D.        Accomplice Liability

{33}     At trial, Defendant objected to instructing the jury on accomplice liability, arguing that the State had failed to put on evidence to support a theory that Defendant was an accessory to the killing. Defendant maintains this argument on appeal  and further contends that the jury was confused or misdirected by the instructions on accomplice liability. We conclude that the jury was properly instructed on accomplice liability and there is no indication of juror confusion based on the instructions given.

1.         Accessory instruction

{34}     We consider the “propriety of jury instructions given or denied . . . a mixed question of law and fact” that we review de novo. State v. Henley, 2010-NMSC-039, ¶ 12, 148 N.M. 359, 237 P.3d 103 (internal quotation marks and citation omitted). The accessory instruction given in this case explained that Defendant may be found guilty of a crime even if Defendant did not do the physical act of the crime, as long as the State proved beyond a reasonable doubt that (1) “[D]efendant intended that the crime be committed;” (2) “the crime was committed;” and (3) “[D]efendant helped, encouraged or caused the crime to be committed.” The instruction given was the uniform jury instruction on accomplice liability in use at the time of Defendant’s trial, UJI 14-2822 NMRA (2017). The first use note to this UJI states that the instruction should be used “if the evidence supports liability as [a] . . . co-conspirator regardless of whether conspiracy is charged[.]”

{35}     There is no “distinction between accessory and principal liability” in New Mexico. State v. King, 2015-NMSC-030, ¶ 21, 357 P.3d 949. A charge against a defendant as a principal includes “a corresponding accessory charge” if supported by the evidence at trial. Id. (internal quotation marks omitted).

{36}     As we explain later in this decision, there was sufficient evidence to support Defendant’s conviction for conspiracy to commit first-degree murder. Since the evidence supported the conspiracy charge, it was sufficient to support an accessory charge to correspond with the charge that Defendant was the principal perpetrator of the murder. UJI 14-2822 NMRA (2017). Thus, in accordance with the first use note of the UJI and applicable precedent, the district court was correct to instruct the jury on accomplice liability.

2.         Jury confusion

{37}     We turn to Defendant’s argument that the jury was confused by the accessory instruction. We review preserved issues related to defective jury instructions for reversible error, asking “whether a reasonable juror would have been confused or misdirected by the jury instruction.” State v. Benally, 2001-NMSC-033, ¶ 12, 131 N.M. 258, 34 P.3d 1134 (internal quotation marks and citation omitted). “[J]uror confusion or misdirection may stem . . . from [(1)] instructions that are facially contradictory or ambiguous, . . . [or (2)] instructions which, through omission or misstatement, fail to provide the juror with an accurate rendition of the relevant law.” Id.

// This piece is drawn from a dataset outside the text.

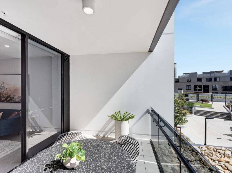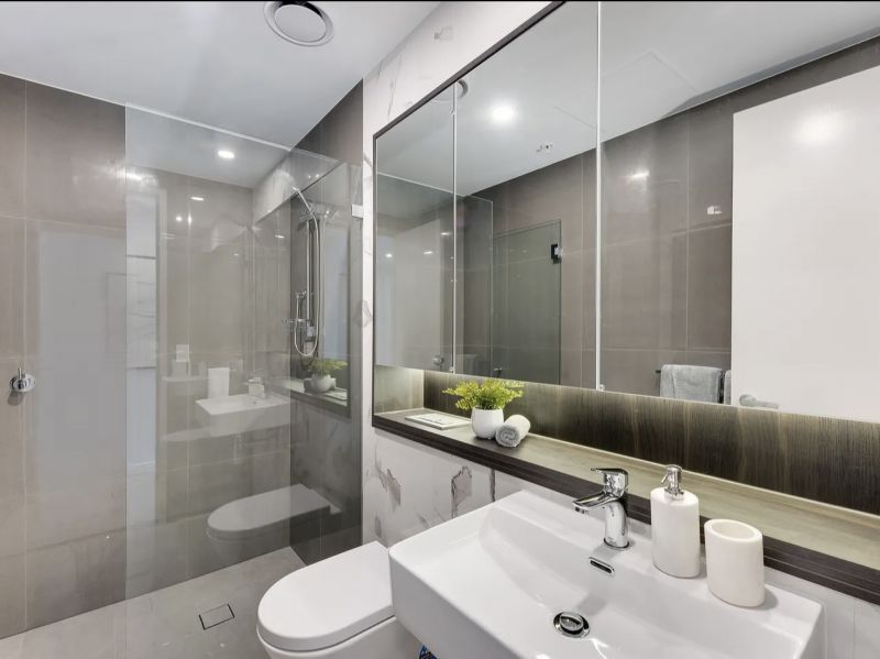 The well-sized bedrooms are enhanced by built-in robes, with the main bedroom offering the luxury of an ensuite bathroom. Both bedrooms enjoy direct access to the balcony, providing an inviting outdoor retreat. The residence is further distinguished by its elegant and modern bathrooms.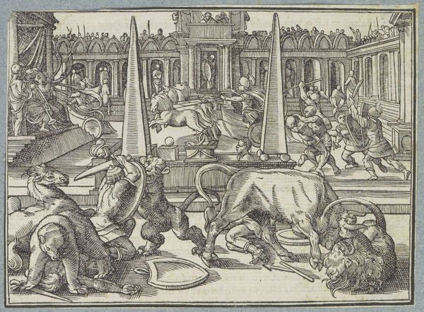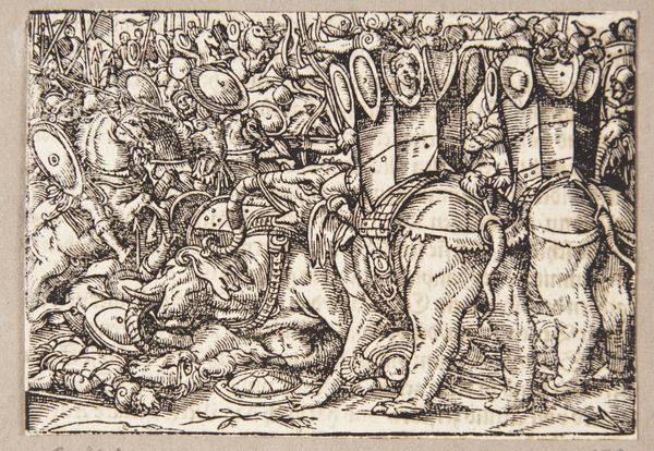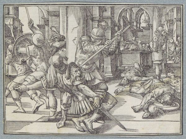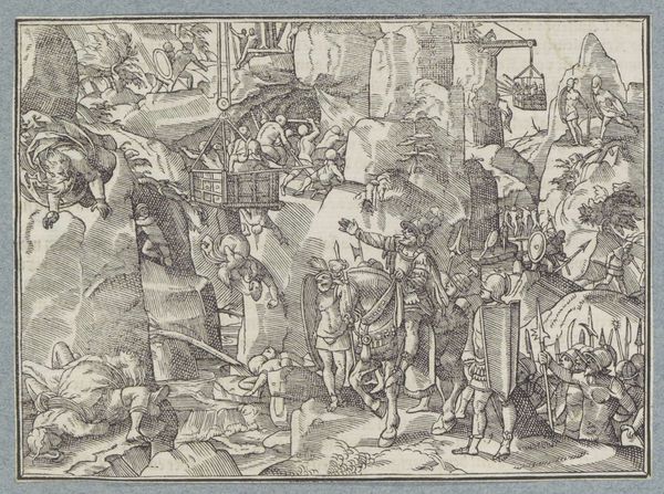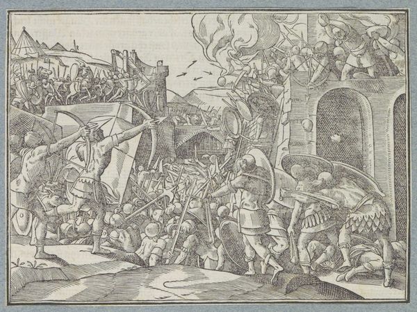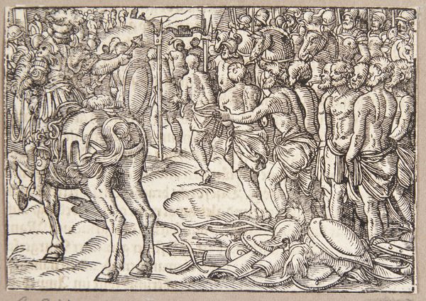 Editor: This engraving, “Mannen, vrouwen en kinderen gekruisigd of doodgestoken,” which translates to "Men, Women, and Children Crucified or Stabbed to Death," was created by Christoffel van Sichem I in 1574. It's a brutal depiction. What do you see in this work? Curator: This print resonates powerfully with the visual language of trauma and violence that was common during the religious wars of the 16th century. But beyond simply illustrating an event, it serves as a stark commentary on power, oppression, and the deliberate targeting of vulnerable populations – women, children, entire communities. Editor: How so? Curator: Consider the context: the Dutch Revolt was raging. Van Sichem, though working later, echoes the propaganda circulated during the period. What visual cues tell you that this is less about historical record and more about political messaging? Editor: The expressions are… generalized? Almost like caricatures. And there’s a lot of emphasis on the helplessness of the victims. Curator: Precisely! These details are key. The print is implicating the viewer, challenging them to consider their own complicity, or resistance, within these power structures. How does this imagery function as a form of resistance or protest in and of itself? What conversations can we have about this piece in today’s society? Editor: That’s… chilling. I didn’t realize how relevant this piece could be, even centuries later. Curator: Exactly. Art serves as a crucial lens for understanding historical and ongoing patterns of violence.

{38}     Defendant does not assert that the accessory instruction was “facially contradictory or ambiguous,” nor does he argue that the instruction “fail[ed] to provide . . . an accurate rendition of the relevant law.” Id. Instead, Defendant claims the jury must have been confused on the proper application of accomplice liability because it asked the district court a question during deliberations.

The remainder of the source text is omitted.